**Problem requirements:**
Print all the data below exactly, without images.

Extracted records:
════

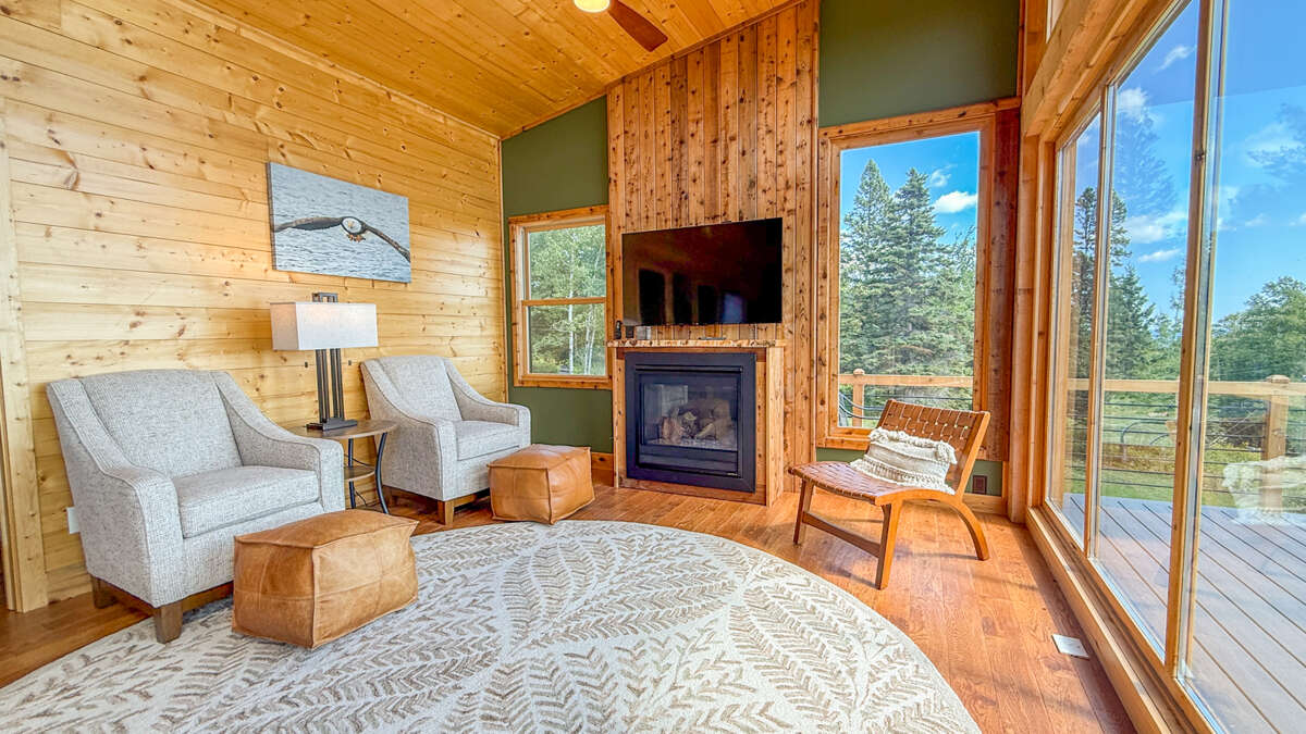 Modern Northwoods Getaway: Cross River Cabin on Minnesotas Scenic North ShoreEscape to Cross River Cabin, a modern retreat nestled in the heart of Minnesotas Northwoods along the iconic North Shore of Lake Superior. Located just off Highway 61 in Schroeder, Minnesota, this newly constructed cabin offers the perfect blend of rustic charm and contemporary comfort, along with breathtaking Lake Superior views from the homes lake-facing deck.Inside the home has an open layout living area on the upper level. Complete with a living room with stone surround gas fireplace, a spacious modern kitchen with all the amenities, and a dining area with a view of Lake Superior. The upper level also has two bedrooms, one en suite, and then another full bathroom.Downstairs you will find a second living room ideal for games, movies, or a kid-friendly hangout. Plus, a rejuvenating infrared sauna, perfect after a day of biking the nearby Gitchi-Gami State Trail. The lower level also has a third bedroom and full bathroom, bringing the total to three bedrooms and three bathrooms, plus an additional sleeping area in the lower level living room.This thoughtfully designed home includes modern conveniences such as high-speed Wi-Fi and an EV charger, making it easy to relax or work remotely.While Cross River Cabin is not directly on the water, you'll enjoy stunning Lake Superior vistas and easy access to the mouth of the Cross River, where youll find Father Baragas Cross, a small public beach, and a picnic area just a short walk or drive away.Situated in charming Schroeder, Minnesota, guests are steps from local favorites like the Cross River Heritage Center, a beloved local bakery, a neighborhood bar, and an eBike rental. Outdoor enthusiasts will love the cabins proximity to hiking trails, waterfalls, and endless North Shore adventures.Whether youre seeking a romantic escape, a family vacation, or a peaceful work-from-anywhere stay, Cross River Cabin is your basecamp for exploring the best of Lake Superiors North Shore.Pet-Friendly: This home is pet-friendly with an additional fee. There is a 2-pet maximum.EV Charger: The EV charger is a Tesla charger. Adapters may be required for non-Tesla vehicles.Construction Nearby: There is a small construction project happening at the property adjacent to Cross River Cabin. This home shares part of the driveway with the home. Occasional construction noise may be heard during your stay.Bedrooms/Beds/LocationBedroom 1 - King Bed and Attached Bathroom - Main LevelBedroom 2 - Queen Bed - Main LevelBedroom 3 - Twin Bed - Lower LevelLiving Room - Queen Futon - Lower LevelBathrooms/Sizes/LocationBathroom 1 - Walk-in Shower Attached to Bedroom 1 - Main LevelBathroom 2 - Walk-in Shower - Main LevelBathroom 3 - Shower/Tub Combo - Lower LevelArea InformationCross River Cabin is located right in the town of Schroeder. While not a large, bustling town, Schroeder is home to several locally owned and operated businesses including a bar and a bakery. Here you are just a short distance from many area attractions. Father Baraga's Cross, a historical marker, is located right across the street and down a bit, easy walking distance or a short drive away. Temperance River State Park is practically in your backyard with miles of hiking trails and beautiful waterfalls. Lutsen Mountains Ski and Summer Recreation Area is about 15 miles away and offers both winter and summertime activities. Hungry for a bite to eat? Hop in the car and head up the shore and check out some of the great restaurants in Lutsen and Grand Marais. Many feature live music from popular local artists throughout the summer. Grand Marais is about a 30-minute drive away for a relaxing day trip to this quaint little town, featuring dozens of unique, locally owned shops and restaurants.
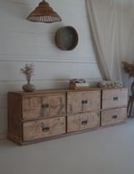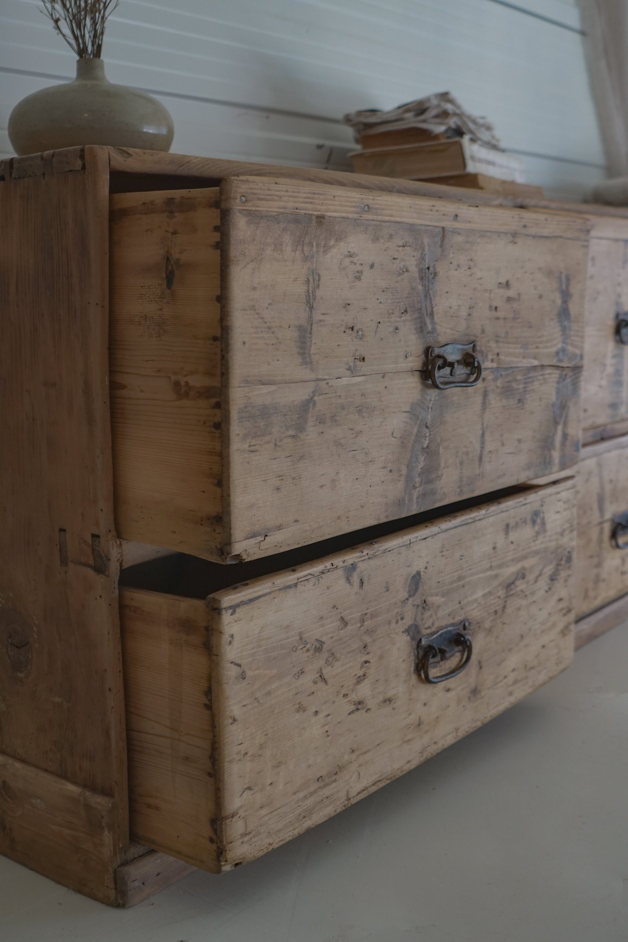 🌿 Superbe ancien meuble de métier en bois, patiné naturellement par le temps. 6 tiroirs spacieux (avec poignées fer forgées d’origines) offrent un grand volume de rangement tout en conservant un charme authentique et une âme unique.
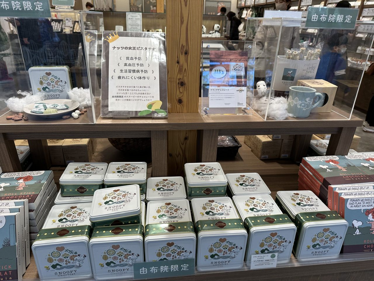 いずれの店舗にも湯布院限定品があり、どれも魅力的ですが今回はなかでもSNOOPY茶屋のショップで、ちょうど探していた子供用の木製汁椀と、掃除がはかどりそうなスヌーピーと仲間たちのイラストが描かれた、カラフルなケースがついたコロコロシートを購入しました。
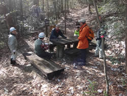 東海自然歩道にある木のテーブルと椅子で休憩しましたが、そこは去年11月に「徳倉・森の教室」の開催場所でした。イベントで作った木のクラフトを発見し、その時の思い出がよみがえりました。残りの時間は、まだ未開発である森の中の枝打ちを行い、本日の作業を終えました。
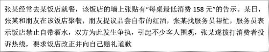 ④饭店禁止自带酒水侵害了张某的自主选择权

════

**Expected answer:**
 Modern Northwoods Getaway: Cross River Cabin on Minnesotas Scenic North ShoreEscape to Cross River Cabin, a modern retreat nestled in the heart of Minnesotas Northwoods along the iconic North Shore of Lake Superior. Located just off Highway 61 in Schroeder, Minnesota, this newly constructed cabin offers the perfect blend of rustic charm and contemporary comfort, along with breathtaking Lake Superior views from the homes lake-facing deck.Inside the home has an open layout living area on the upper level. Complete with a living room with stone surround gas fireplace, a spacious modern kitchen with all the amenities, and a dining area with a view of Lake Superior. The upper level also has two bedrooms, one en suite, and then another full bathroom.Downstairs you will find a second living room ideal for games, movies, or a kid-friendly hangout. Plus, a rejuvenating infrared sauna, perfect after a day of biking the nearby Gitchi-Gami State Trail. The lower level also has a third bedroom and full bathroom, bringing the total to three bedrooms and three bathrooms, plus an additional sleeping area in the lower level living room.This thoughtfully designed home includes modern conveniences such as high-speed Wi-Fi and an EV charger, making it easy to relax or work remotely.While Cross River Cabin is not directly on the water, you'll enjoy stunning Lake Superior vistas and easy access to the mouth of the Cross River, where youll find Father Baragas Cross, a small public beach, and a picnic area just a short walk or drive away.Situated in charming Schroeder, Minnesota, guests are steps from local favorites like the Cross River Heritage Center, a beloved local bakery, a neighborhood bar, and an eBike rental. Outdoor enthusiasts will love the cabins proximity to hiking trails, waterfalls, and endless North Shore adventures.Whether youre seeking a romantic escape, a family vacation, or a peaceful work-from-anywhere stay, Cross River Cabin is your basecamp for exploring the best of Lake Superiors North Shore.Pet-Friendly: This home is pet-friendly with an additional fee. There is a 2-pet maximum.EV Charger: The EV charger is a Tesla charger. Adapters may be required for non-Tesla vehicles.Construction Nearby: There is a small construction project happening at the property adjacent to Cross River Cabin. This home shares part of the driveway with the home. Occasional construction noise may be heard during your stay.Bedrooms/Beds/LocationBedroom 1 - King Bed and Attached Bathroom - Main LevelBedroom 2 - Queen Bed - Main LevelBedroom 3 - Twin Bed - Lower LevelLiving Room - Queen Futon - Lower LevelBathrooms/Sizes/LocationBathroom 1 - Walk-in Shower Attached to Bedroom 1 - Main LevelBathroom 2 - Walk-in Shower - Main LevelBathroom 3 - Shower/Tub Combo - Lower LevelArea InformationCross River Cabin is located right in the town of Schroeder. While not a large, bustling town, Schroeder is home to several locally owned and operated businesses including a bar and a bakery. Here you are just a short distance from many area attractions. Father Baraga's Cross, a historical marker, is located right across the street and down a bit, easy walking distance or a short drive away. Temperance River State Park is practically in your backyard with miles of hiking trails and beautiful waterfalls. Lutsen Mountains Ski and Summer Recreation Area is about 15 miles away and offers both winter and summertime activities. Hungry for a bite to eat? Hop in the car and head up the shore and check out some of the great restaurants in Lutsen and Grand Marais. Many feature live music from popular local artists throughout the summer. Grand Marais is about a 30-minute drive away for a relaxing day trip to this quaint little town, featuring dozens of unique, locally owned shops and restaurants.
 🌿 Superbe ancien meuble de métier en bois, patiné naturellement par le temps. 6 tiroirs spacieux (avec poignées fer forgées d’origines) offrent un grand volume de rangement tout en conservant un charme authentique et une âme unique.
 いずれの店舗にも湯布院限定品があり、どれも魅力的ですが今回はなかでもSNOOPY茶屋のショップで、ちょうど探していた子供用の木製汁椀と、掃除がはかどりそうなスヌーピーと仲間たちのイラストが描かれた、カラフルなケースがついたコロコロシートを購入しました。
 東海自然歩道にある木のテーブルと椅子で休憩しましたが、そこは去年11月に「徳倉・森の教室」の開催場所でした。イベントで作った木のクラフトを発見し、その時の思い出がよみがえりました。残りの時間は、まだ未開発である森の中の枝打ちを行い、本日の作業を終えました。
 ④饭店禁止自带酒水侵害了张某的自主选择权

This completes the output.